The shares of a company are known as equity or stock. Nominal value is the price at which shares are bought when they are first issued and it represents the asset value. Normally, in the UK, the nominal value is approximately 25p. However, due to potential earnings of the company, these 25p shares may be bought in the market for a higher price. The total nominal sum of the issued shares is the issued share capital.
Non-voting shares (represented by the suffix 'A') are different from the other shares in that they do not give the holder the right to vote in the company's strategy. This is so the founders keep the control of the company. However, they are cheaper, and therefore are becoming old-fashioned and unpopular as they are being changed voting status.

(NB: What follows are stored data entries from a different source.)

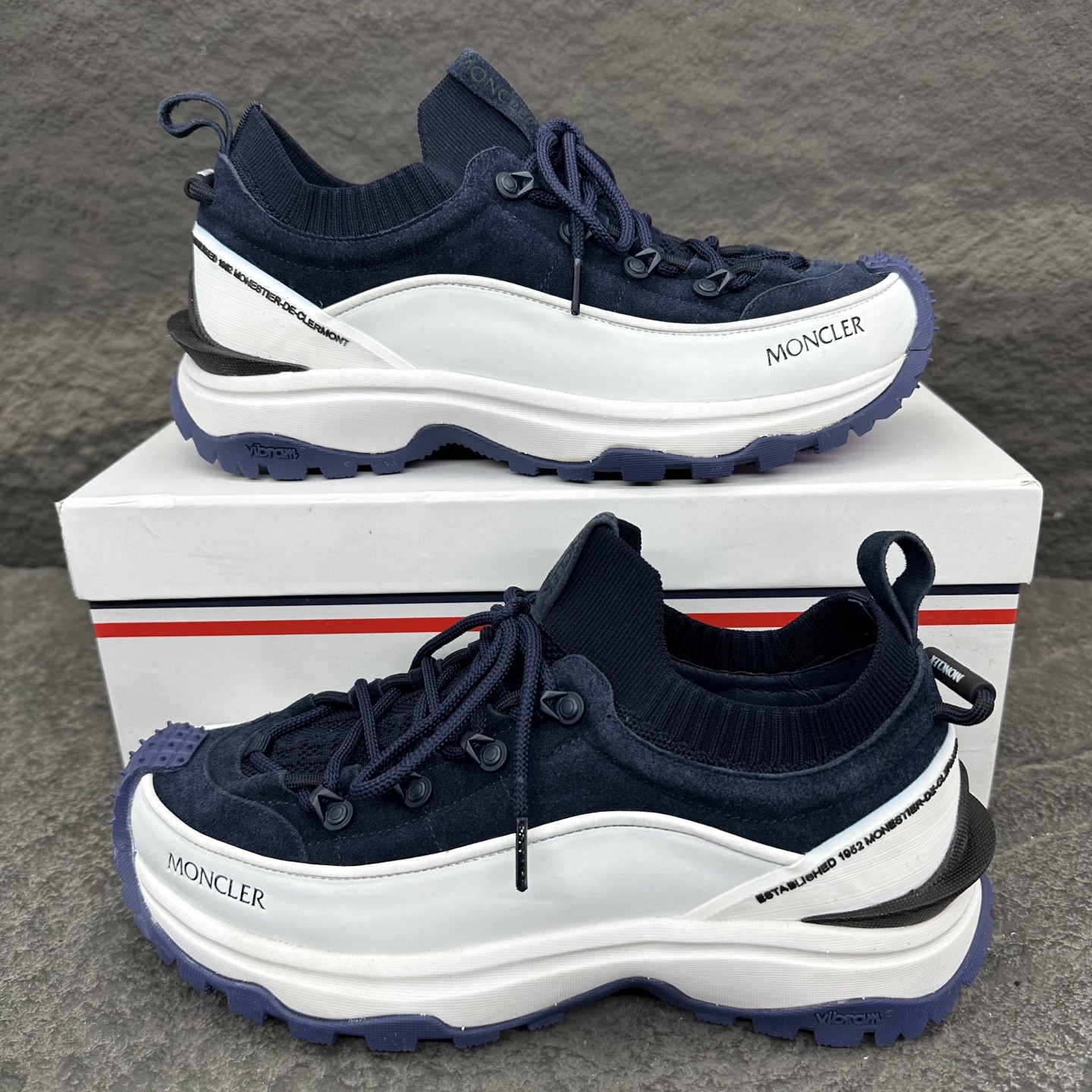 这款鞋子是AAAAA 1:1 质量 (非常棒). 使用了和原版一模一样的材料. 商标部分也保持了和盟可睐/moncler一样. 图片拍摄是实物鞋子拍摄, 您所收到的实物保证和我们图片一模一样.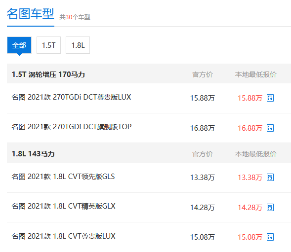 车家号·0浏览·2021-09-01 13:55 · 广西武汉地区某汽车经销商近日公布了名图在该地区的优惠行情:目前名图购车暂无优惠,13.38万元起售,具体售价信息如下图所示: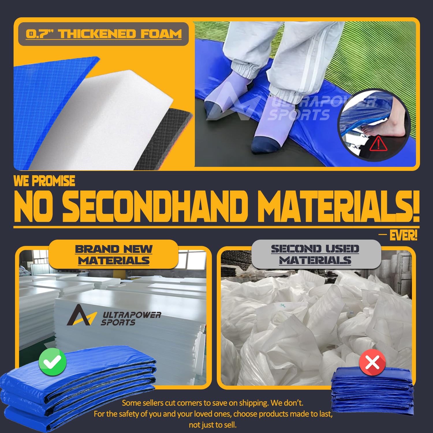 • 🏆️【Trusted Quality ULTRAPOWER SPORTS trampoline pad】 As a top-tier trampoline replacement mat brand, we prioritize safety and durability. We believe that you who appreciate quality will know how to choose wisely. The double industrial-grade stitching and triple-layer construction (PVC + PE + padding) outperform other flimsy covers. Whether replacing worn-out mats or upgrading old trampolines, choose our trampoline pad replacement that balances affordability with professional-grade performance.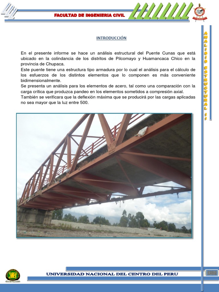En el presente informe se hace un anlisis estructural del Puente Cunas que est
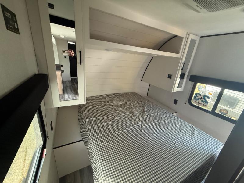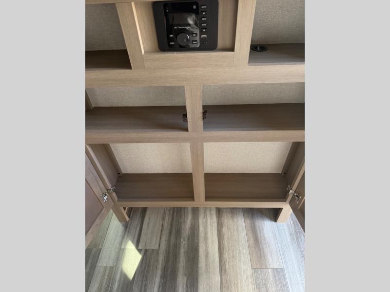 Private Front Bedroom – Enjoy a restful night’s sleep on the RV queen bed, with dual entry for added convenience.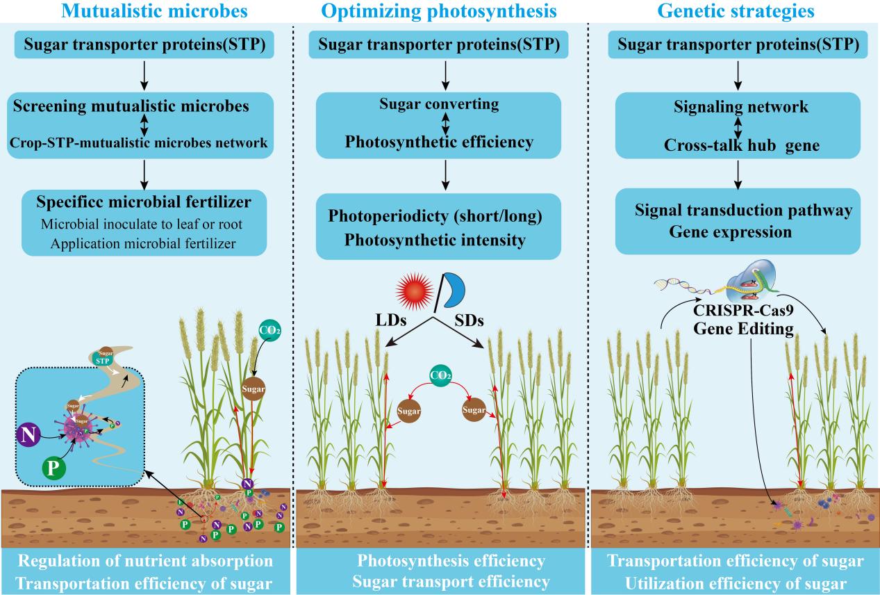 圖4.?通過(guò)糖轉運蛋白提高作物產(chǎn)量的關(guān)鍵策略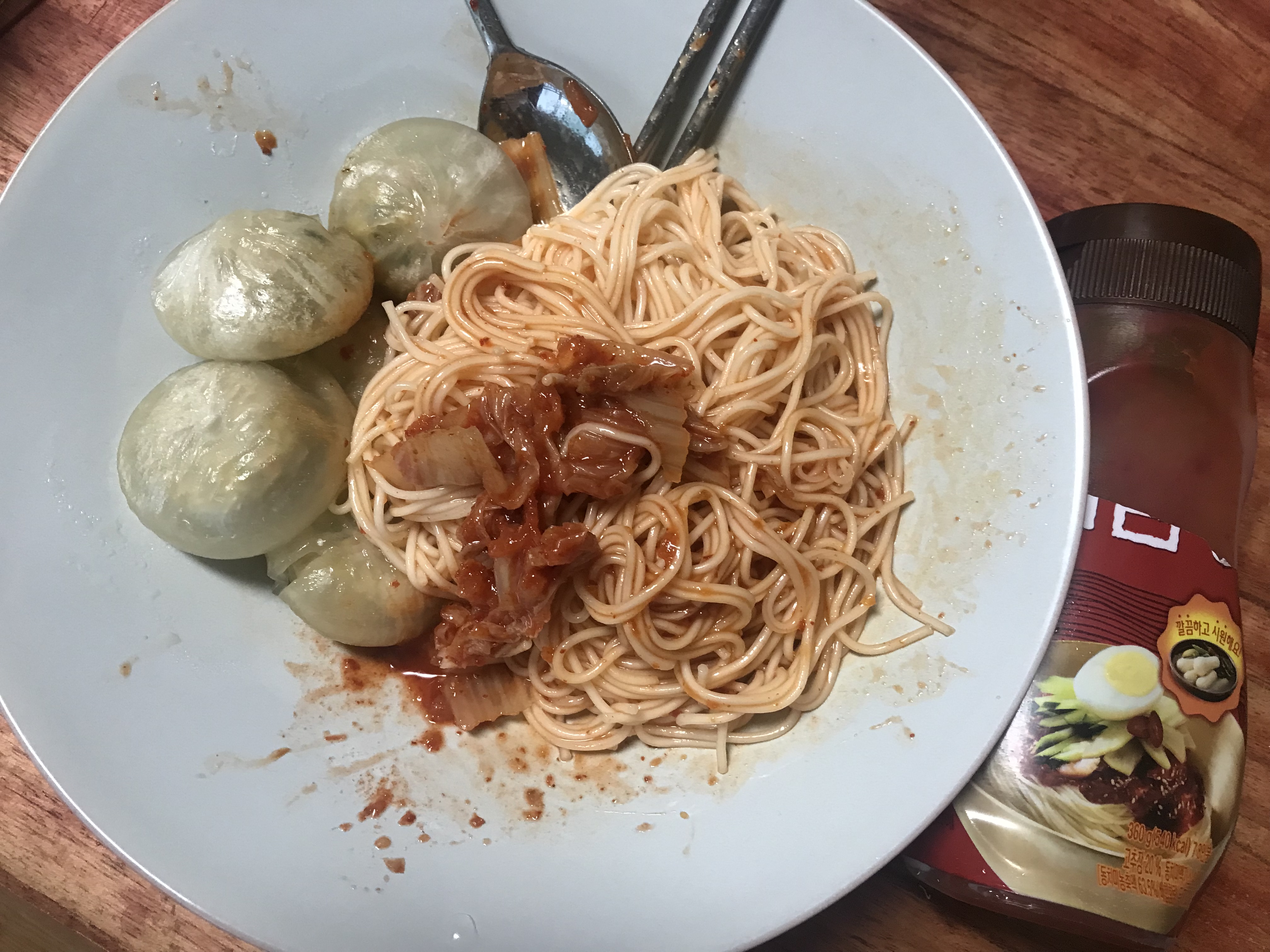 3.비빔장=으악 진짜 존맛탱 소면 삶아서 비빔장 넣고 비볐는데 완전 맛있어요(맛있어서 먹다가 사진 찍어서 저모양.)

A company gives to its shareholders a part of its profit; this is known as dividends. The rest of the profit is used to finance internal growth or stored to pay dividends when profits fall. The cover of the dividends is the number of times the company could have paid its net dividend.
The company's earnings are the profits. To get the earnings per share (eps) we divide them by the total number of shares. The P/E (price to earnings) ratio tells us the number of years of eps, at the current share price, that would be needed to pay for the share. In addition, as not all the earnings are paid as dividends, more years will be necessary to repay the share price out of dividends. However, the repayment time of the share price will be hopefully reduced and the dividends will become profit, because the earnings and dividends are expected to rise throughout the years. Moreover, the stock can be sold in the market at the current rate, and does not have to be held forever.
The yield is also used to measure the company's performance. It is usually expressed as a net percentage of the current share price. The yield varies throughout different countries; in the UK, for example, the long term average yield is of 3.6 per cent net. The yields are lower than the safer interest that could be obtained by investment in local bonds or through building societies. This is because risk gives more return than a safe investment. The lower return from shares shows us the growth potential of dividend payouts, which are not seen in safe investments.